Manufacturing Industry

IBM introduces new applications, developer kit for APPN protocol

Electronic News, March 30, 1992 by Andrew Collier

NEW YORK -- IBM last week rolled out a developer's kit and new applications for its networking protocol, Advanced Peer to Peer Networking (APPN), in a bid to make the protocol an industry standard against incursions from a variety of competitors.

A flexible system for managing networks, APPN had been available on a number of IBM systems, including the AS/400, OS/2 3174 communications controller, and the System/36. With this announcement, IBM is extending support for APPN on PCs (DOS), the RS/6000 Unix workstation and, finally, on the recently released IBM 6611 router. IBM also is extending the ability of dependent displays to access TCP/IP-based Telnet servers over the Token Ring protocol.

Outside its own platforms, IBM has agreed to license the specification for the APPN network nodes and will make it available through a developer's kit in the first quarter of 1993. The license agreement will allow third-party vendors, particularly router companies, to incorporate APPN into their devices.

Shipment dates weren't released for all the products. APPN support on the IBM router will occur in the first quarter of 1993, for the RS/6000 in mid-1993, and for Networking Services/DOS in the third quarter of this year.

The timing of the shipment of APPN support for ACF/VTAM Version 4 for MVS/ESA will be a function of the outcome of a new program IBM is initiating with the APPN roll-out, called the Quality Partnership Program. Under QPP, IBM is selecting key customers and tracking their early use of APPN software to incorporate any changes that will enhance the product. Shipments to a selected group of fewer than 100 MVS customers will occur in December.

With the new APPN support, IBM is defending its turf from encroachment from workstations using LAN-based protocols, particularly TCP/IP, and Novell's IPX.

"First, we are opening up the SNA world to the world of interconnected LANs, distributed computing, client/server, highspeed networking and open standards," said Vann Hettinger, networking systems director of software laboratories, in the U.K. "Second, we are involving an existing base."

Ellen Hancock, general manager of network systems, said IBM expects the new APPN release to push the installed base of APPN networks from 60,000 currently to 100,000 in a few years.

Among the key attributes of APPN is that it allows the IBM mainframes to function as servers in a client/server architecture. The APPN protocol allows dynamic addressing and access of data anywhere in the network without going through the mainframe.

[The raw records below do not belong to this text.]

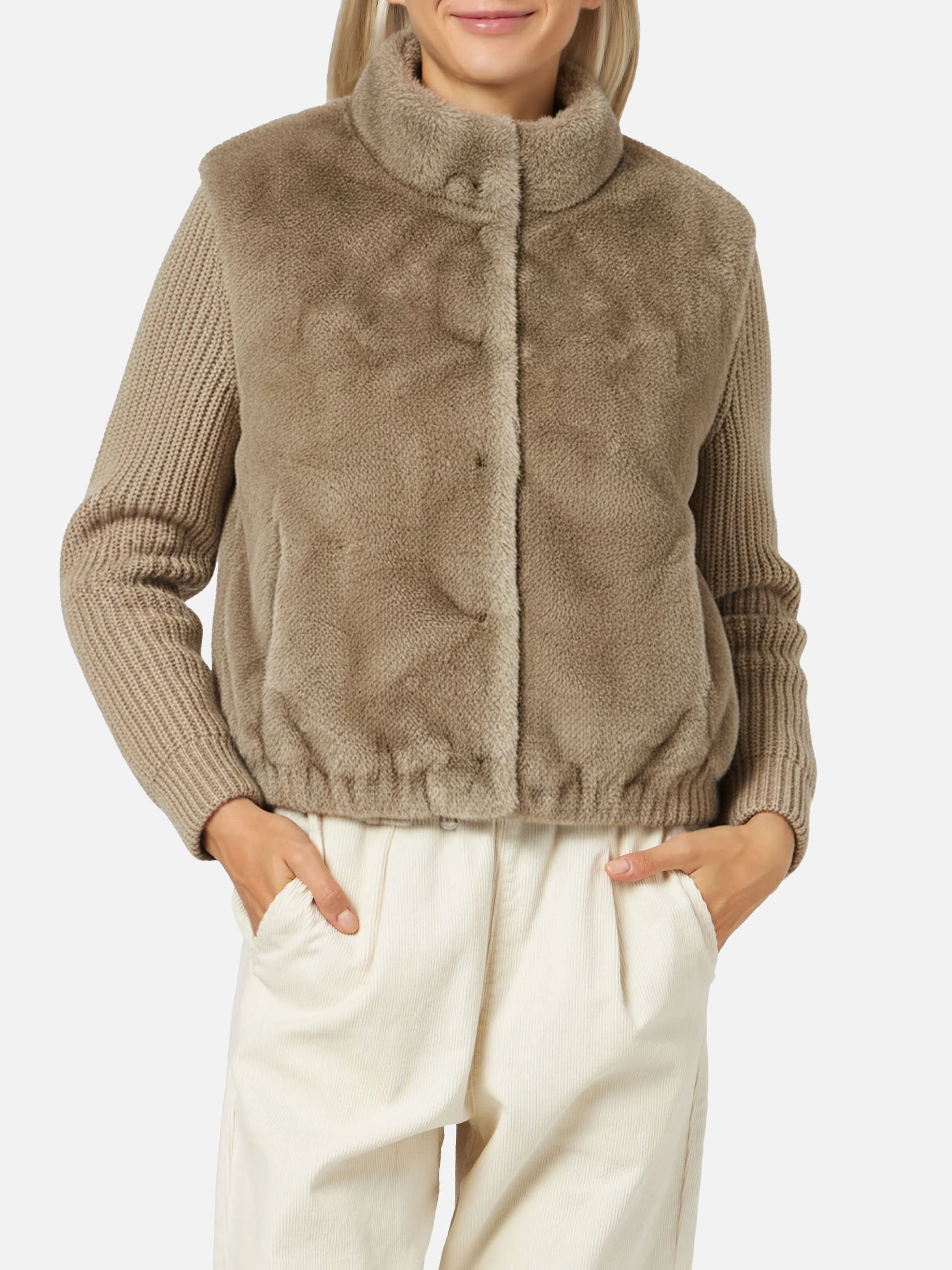 Mael Kunstpelzweste mit Strickärmeln
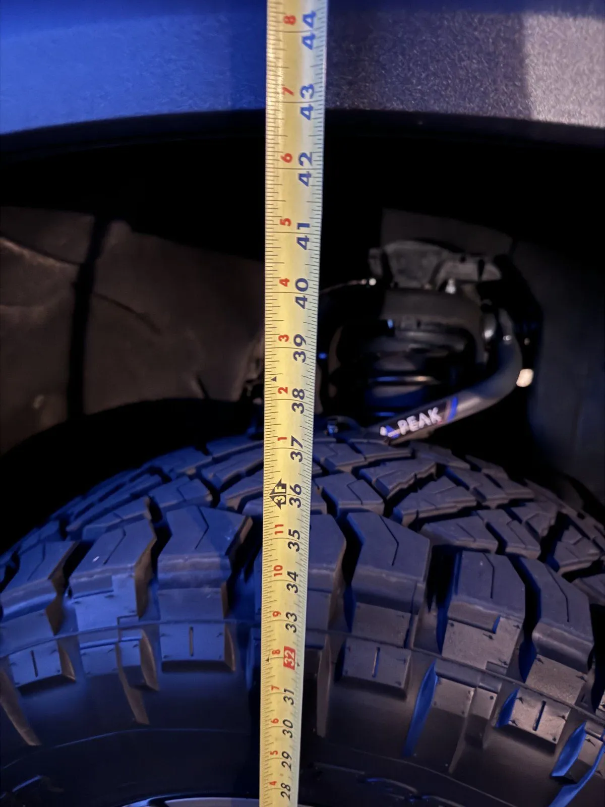 With the Peak kit, some trimming, and spacing out the front bumper about 5/8” I am able to run 285/75 R18 (35x11.25) Nitto Ridge Grapplers on the oem wheels with 2” wheel spacers without rubbing.
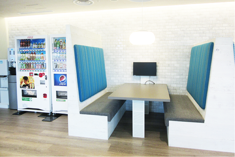 その他、充実していると思うのは、仕事中の飲み物とお菓子。種類豊富な自動販売機とコーヒーマシンがあり、すべて無料です。もちろんお客様も、お好きなものを選んでいただけます。
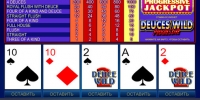 Deuces Wild Progressive – онлайн видео-покер, который играется по классическим правилам колодой в пятьдесят два листа. Все двойки в колоде играют роль джокеров. Они заменяют недостающие карты в традиционных комбинациях и образуют некоторые дополнительные комбинации.
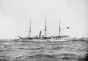 Glasgow was built in 1878 as a replacement for Sultan Bargash's fleet which had been lost in a hurricane in 1872.[1] Glasgow was based upon the British Royal Navy screw frigate HMS Glasgow which had impressed the Sultan during a visit to Zanzibar in 1873.[2] Bargash consulted with Sir William Mackinnon, the founder of the British-India Steam Navigation Company, who recommended the firm of William Denny and Brothers as shipbuilders.[2] On 17 April 1877 Denny wrote to Bargash's agents promising to build "a vessel in every way a handsome and substantial piece of work" and on 14 May 1877 the ship was laid down.[2] The vessel was constructed with an iron frame covered with teak planks and a keel made from rock elm, the hull was sheathed with Muntz metal below the waterline.[2] Glasgow was equipped with three masts and a steam propulsion system with a lifting propeller.[2] The vessel was launched on 2 March 1878.[2]
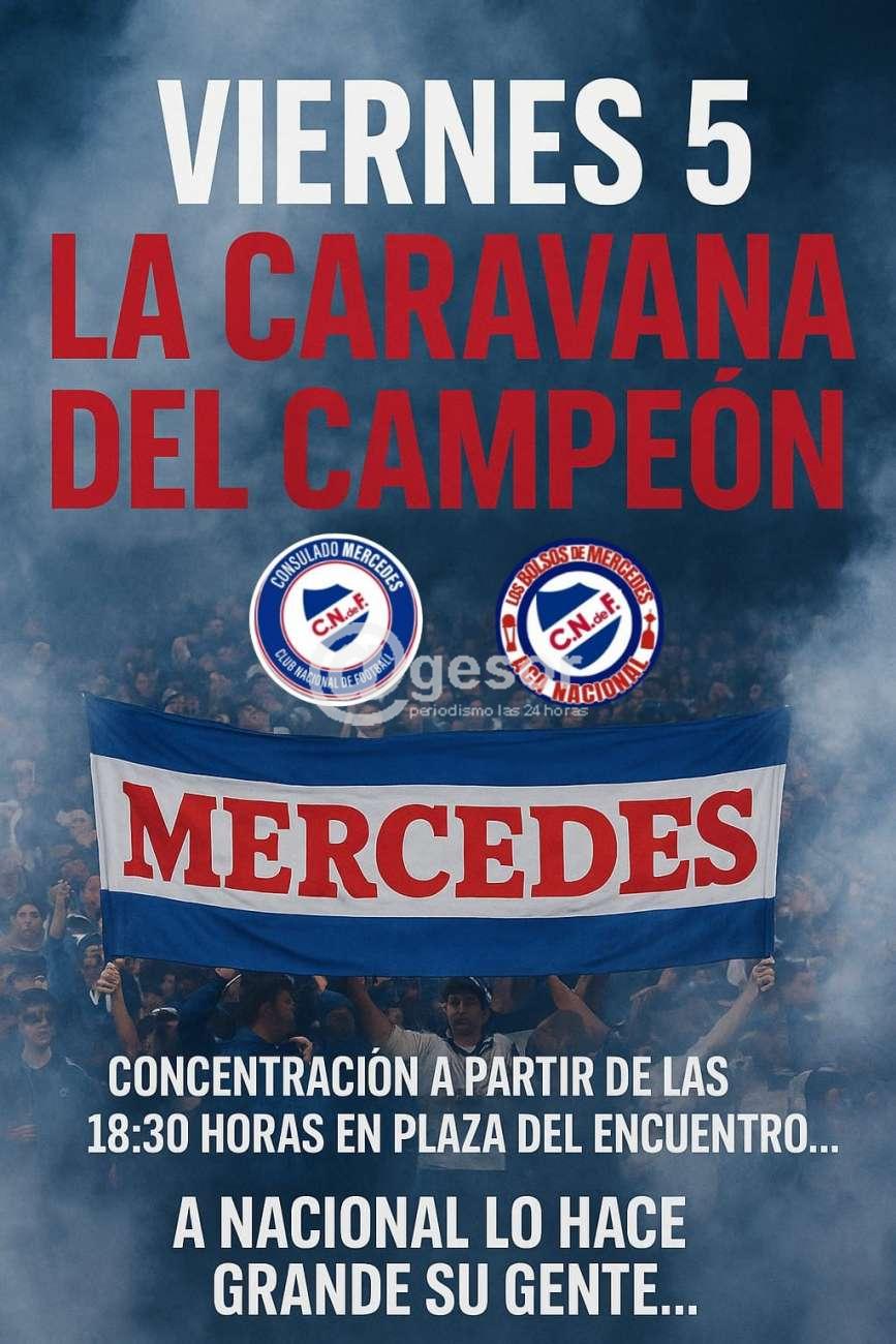 Atención Mercedes!!! Este viernes 5 la caravana del Campeón!!! A NACIONAL lo hace grande su gente...
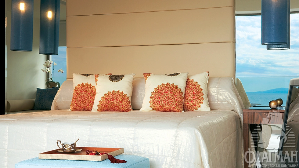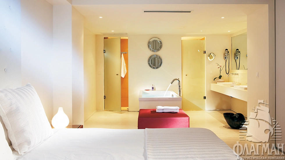 - grand suite one bedroom with SF (прямой вид на море, расположены в крыле Lagoon, спальня и гостиная с раздвижной дверью, двуспальная кровать, доп. – софа, макс. 2+1 чел., 90 м2),
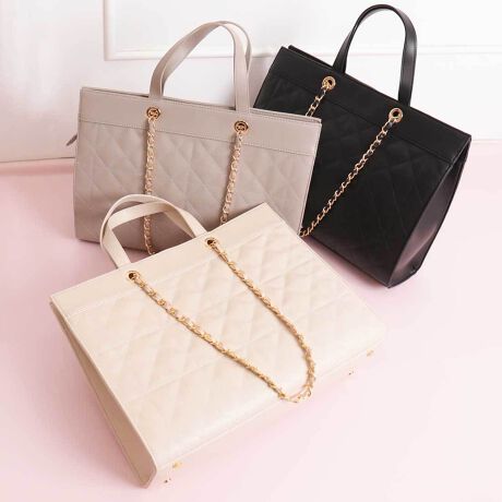 A4対応 チェーンショルダー キルティングトートバッグ
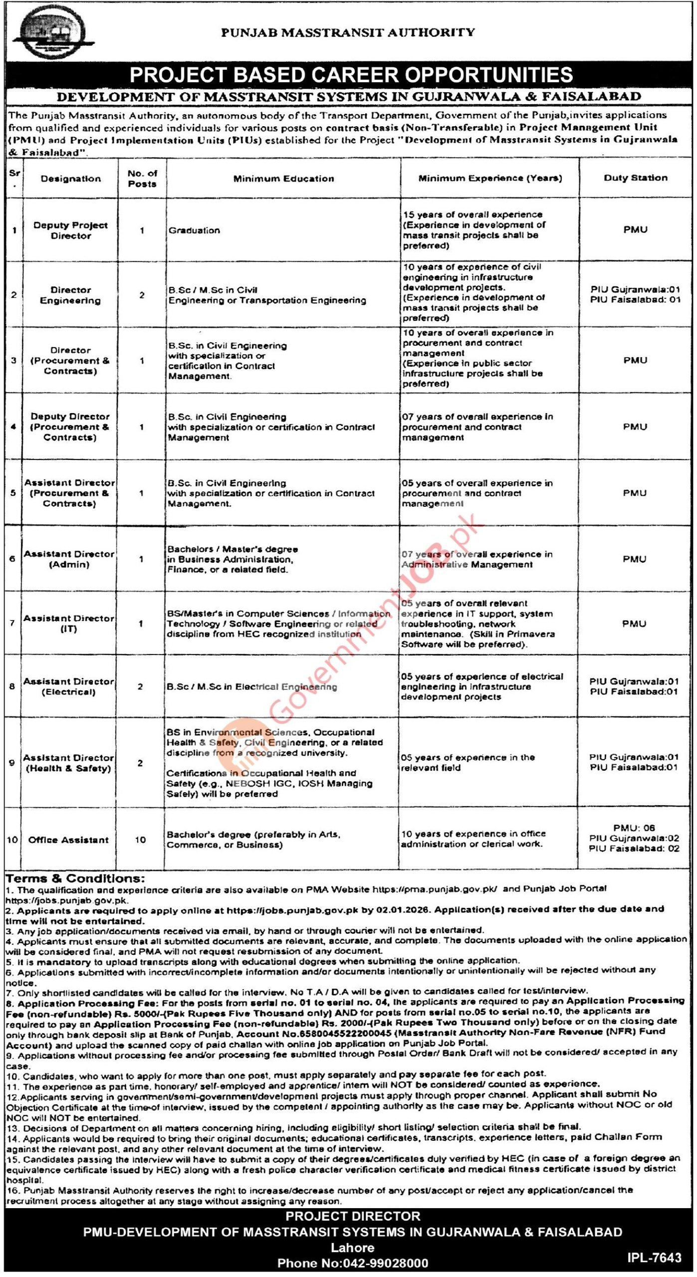 Punjab Mass Transit Authority, a company of Pakistan, has announced a job opening for Office Assistant in Lahore. This is a Punjab Government position in the management sector. All eligible applicants are advised to apply before January 2, 2026. Only those candidates who are shortlisted during the application process will be contacted and called for an interview. Please carefully review the official job advertisement by Punjab Mass Transit Authority for detailed information on eligibility, experience, and required documentation before applying.
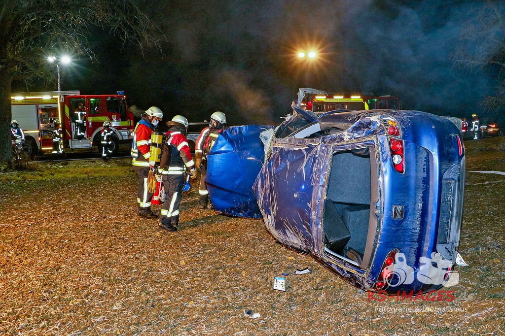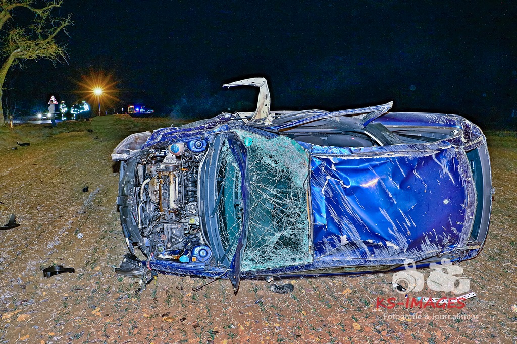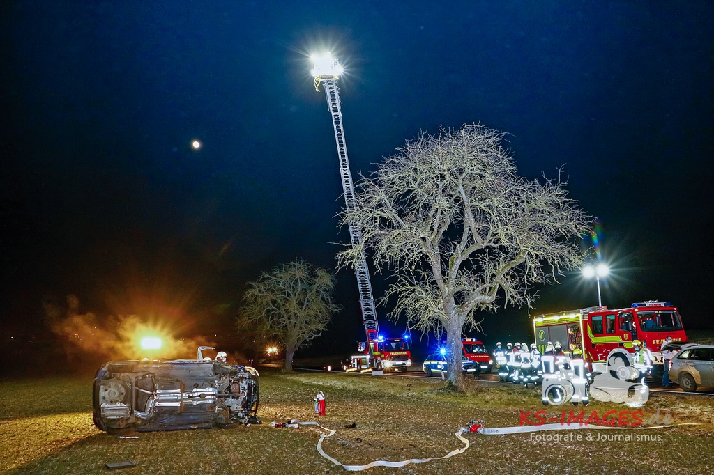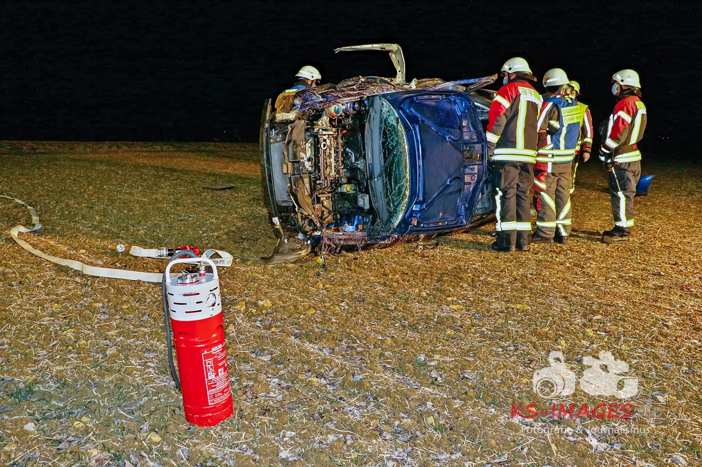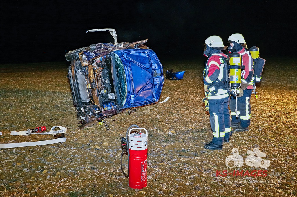 Ein unbeteiligter Verkehrsteilnehmer entdeckte gegen 19.55 Uhr Fahrzeugteile auf der Fahrbahn und alarmierte die Polizei. Die Einsatzkräfte bestehend aus Polizei, Freiwilliger Feuerwehr Hemmingen und Rettungsdienst stellten den PKW schließlich etwa 100 Meter weit im Acker liegend fest. Ein Polizeihubschrauber war zu Absuche der Unfallstelle ebenfalls eingesetzt. Der 38 Jahre alte Fahrer verstarb trotz sofort durch den Notarzt eingeleiteter Reanimationsmaßnahmen noch am Unfallort. Der entstandene Sachschaden dürfte sich auf etwa 4.000 Euro belaufen. Der nicht mehr fahrbereite Seat musste abgeschleppt werden. Die Feuerwehr befand sich mit vier Fahrzeugen und 20 Einsatzkräften vor Ort. Die Straßenmeisterei Ludwigsburg war ebenfalls im Einsatz. Die L 1140 war während der Unfallaufnahme und den Berge- und Aufräumarbeiten bis gegen 22.20 Uhr voll gesperrt. FOTOS: Andreas Rometsch Text: Staatsanwaltschaft Stuttgart und Polizeipräsidium Ludwigsburg.
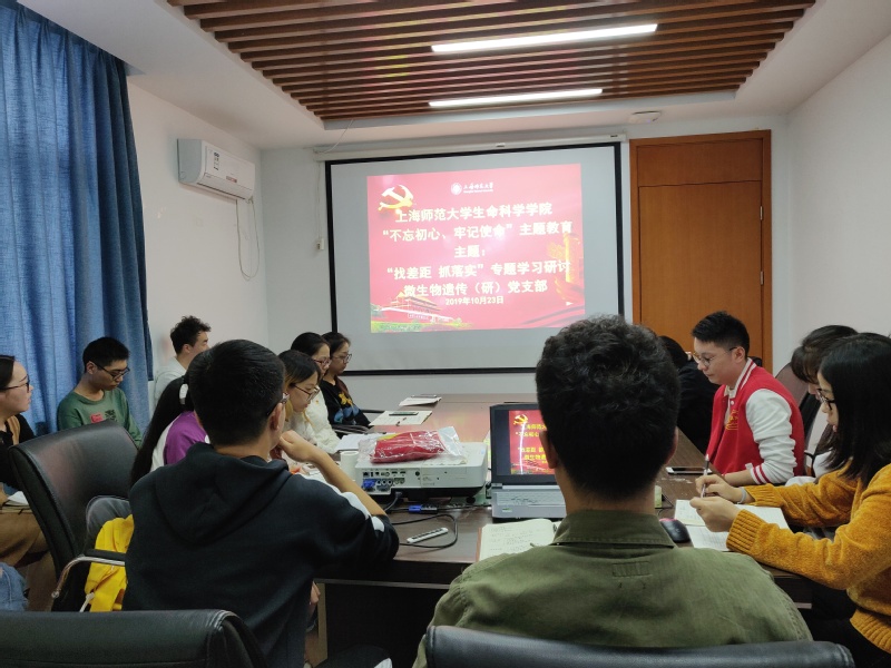 2019年10月23日14:00,微生物遗传(研)党支部组织全体党员在14号楼实验中心901会议室开展“对照党章党规找差距”专题主题党日活动。
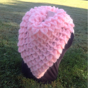A fun, fun shawl!! Warm, cozy and fluffy in pink.the shawl is made in a crocodile stitch that look like petals resting on one another. This will be a new stitch for me to learn. Although the pattern seems a bit complicated, this shawl will be worth the time it takes to make.
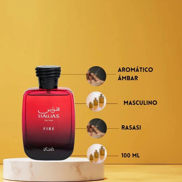 Inspirdo en a IMPERIAL VALLEY de Gissah. HAWAS FIRE de Rassasi es una fragancia intensa y sofisticada, para el hombre moderno con carácter. Combina frescura con una calidez que evoluciona a lo largo del día. Su aroma deja una impresión duradera y elegante, ideal para cualquier ocasión. • Notas de Salida Esclarea - En el Corazón Jazmín Egipcio y Notas Marina - De Fondo Ámbar, Ambar Gris y Notas Minerales.
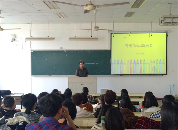 本次动员会由徐卫华老师主持。徐老师介绍了本次为期两周的采风背景,专业采风的重要意义,以及历届广告专业采风的总体情况。接着,班主任赵颖老师对本次专业活动进行详细的说明,包括采风活动的地点、经费预算、住宿、车辆乘坐安排名单、以及采风作业等。最后,夏雨禾副院长代表学院致辞。夏老师着重强调了专业采风的安全问题,并要求同学们做到两个“不丢人”,一是一切行动听指挥,不能出现任何安全事故;二是同学们代表九色視頻
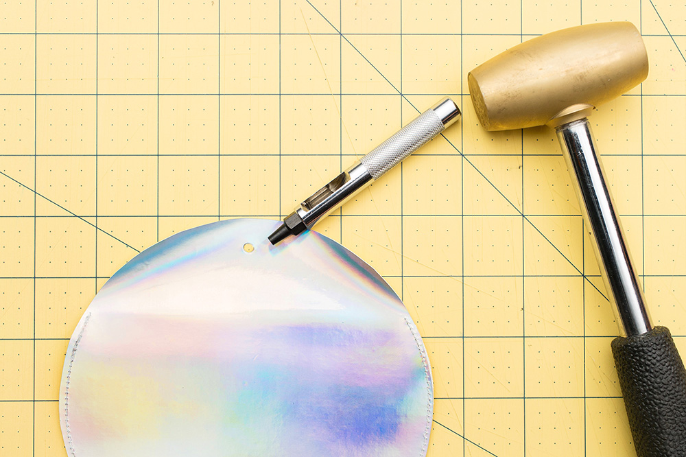11. Prenez un maillet et un poinçon et faites un trou au niveau de votre marque. Faites de même sur la partie qui réceptionnera le rivet.
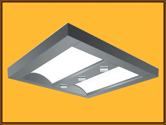 双拱形白色透光板,加中部菱形透明灯柱的柔光照明设计。
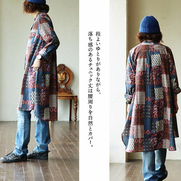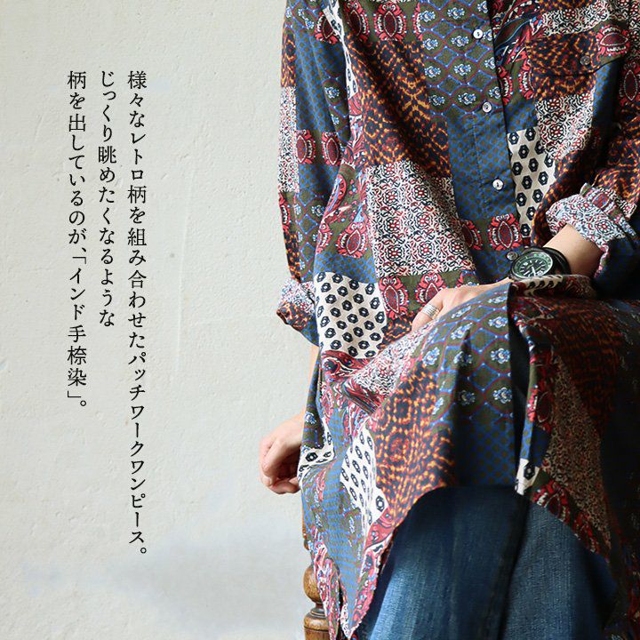 他の画像を見る 贅沢なレトロ感。 チュニック 長袖 ロング丈 お尻隠れる 着痩せ すっきり レトロ柄 パッチワーク 綿100% インド綿 手 染 薄手 涼しい 体型カバー カジュアル 夏 夏服 パティ CALINER カリネ 2~3日でお届け 販売価格 ¥ 9,790 税込 在庫切れ カートに入れる お気に入りに登録する
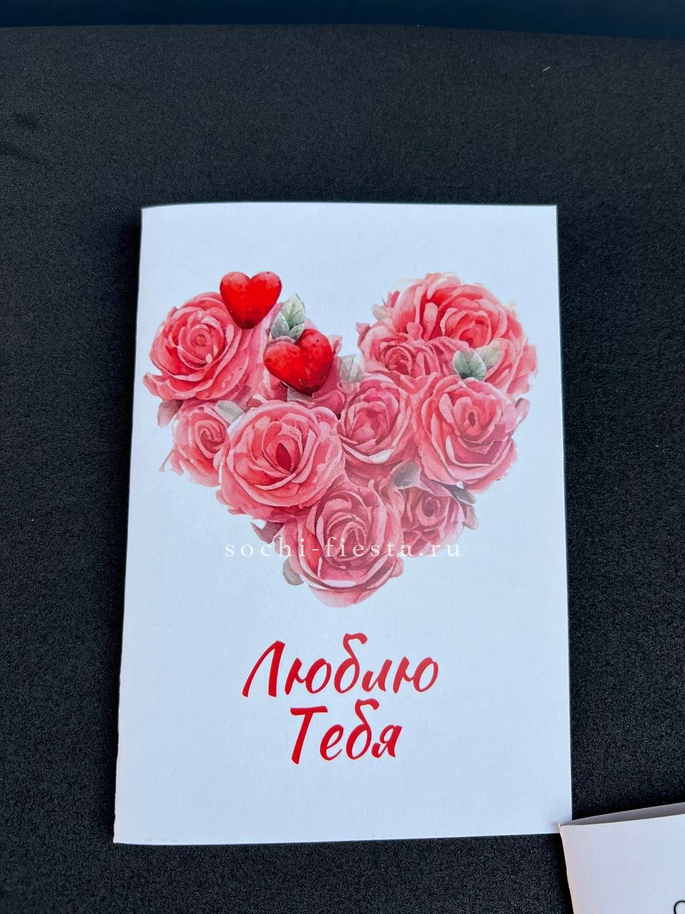 Признание в чувствах на бумаге с трогательной надписью внутри. Компактная открытка дополнит букет и сохранит теплые слова. Для тех моментов, когда важно сказать главное.
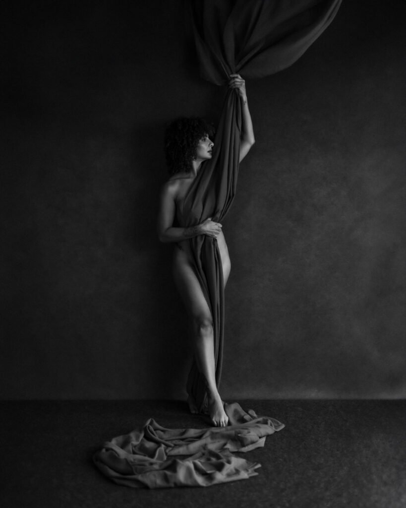 Each pose, each fold of fabric, and each carefully positioned light was designed to enhance the female form as a living work of art — just like the statues that inspire me.

But the place of APPN among Fortune 500 companies who are IBM's prime customers is less than assured. "There's not a tremendous market for APPN nodes," said Don Czubek, a consultant with Gen2 Ventures, Saratoga, Calif. "IBM is trying to create a market."

Frank Dzubek, a consultant with Communication Network Architects, Washington, D.C., said IBM has to convince its customers that they can easily migrate heirarchical systems under SNA to APPN.

"Is it as passive as IBM says? If not, it won't be widely accepted," Mr. Dzubek said.

That was clear at the IBM briefing in presentations by two vendors, Novell and Network Equipment Technologies (NET).

Executives at both companies said they would "pick and choose" which aspects of APPN they would license for their products, in part because of the complexity of working with APPN's 100,000 lines of code.

Despite affirmations by Novell in a press release of its commitment to license APPN, Novell's director of marketing and development for Netware, Gerry Macchi, would only say his company "is looking" at licensing the specification. Novell, whose networks now are forced to access IBM mainframes for address information, is most interested in the directory applications, Mr. Macchi said.

Selino Lo, NET's product line manager, said integration of APPN into NET's router, IDNX, will occur slowly. "We may not want to slip the whole thing on the IDNX at once," Ms. Lo said. "We want to check the pulse of the market. We'll probably have a phased roll-out."

IBM's Hancock agreed that APPN would coincide in many systems with a number of other protocols. "There will be multiple code stacks if customers want. They may also have TCP/IP and OSI in their networks," she said.

IBM has one ace up its sleeve: APPN is widely viewed as a more sophisticated protocol than its competitors for wide-area networks. IBM pushed this point by mentioning the importance of APPN to future WANs that will run under Sonet and cell-relay based transmission systems. "TCP/IP and OSI, to handle high-speed bandwidths, will require major changes in architecture," IBM's Ms. Hancock said.